* _Source information_
+--

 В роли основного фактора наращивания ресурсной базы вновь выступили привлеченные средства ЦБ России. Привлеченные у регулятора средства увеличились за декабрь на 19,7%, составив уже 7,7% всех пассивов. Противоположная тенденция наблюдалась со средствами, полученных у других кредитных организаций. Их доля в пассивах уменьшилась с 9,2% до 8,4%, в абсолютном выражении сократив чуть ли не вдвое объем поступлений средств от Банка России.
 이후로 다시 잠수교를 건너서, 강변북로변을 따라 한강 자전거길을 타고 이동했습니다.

+--

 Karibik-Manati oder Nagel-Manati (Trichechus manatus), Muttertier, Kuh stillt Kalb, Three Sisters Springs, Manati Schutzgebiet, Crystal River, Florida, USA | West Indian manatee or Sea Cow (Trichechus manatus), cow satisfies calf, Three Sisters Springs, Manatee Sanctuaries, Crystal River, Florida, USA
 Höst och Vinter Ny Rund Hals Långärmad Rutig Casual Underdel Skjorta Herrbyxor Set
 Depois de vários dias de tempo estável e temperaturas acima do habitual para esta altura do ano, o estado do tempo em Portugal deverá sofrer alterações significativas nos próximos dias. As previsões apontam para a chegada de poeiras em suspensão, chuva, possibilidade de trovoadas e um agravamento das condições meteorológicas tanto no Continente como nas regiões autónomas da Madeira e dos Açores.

+--

* _Your assignment_
Extract exactly and only the lines above from the line containing "В роли основного" through the line containing "이후로 다시 잠수교를", both end lines included.

* _Answer below_
 В роли основного фактора наращивания ресурсной базы вновь выступили привлеченные средства ЦБ России. Привлеченные у регулятора средства увеличились за декабрь на 19,7%, составив уже 7,7% всех пассивов. Противоположная тенденция наблюдалась со средствами, полученных у других кредитных организаций. Их доля в пассивах уменьшилась с 9,2% до 8,4%, в абсолютном выражении сократив чуть ли не вдвое объем поступлений средств от Банка России.
 이후로 다시 잠수교를 건너서, 강변북로변을 따라 한강 자전거길을 타고 이동했습니다.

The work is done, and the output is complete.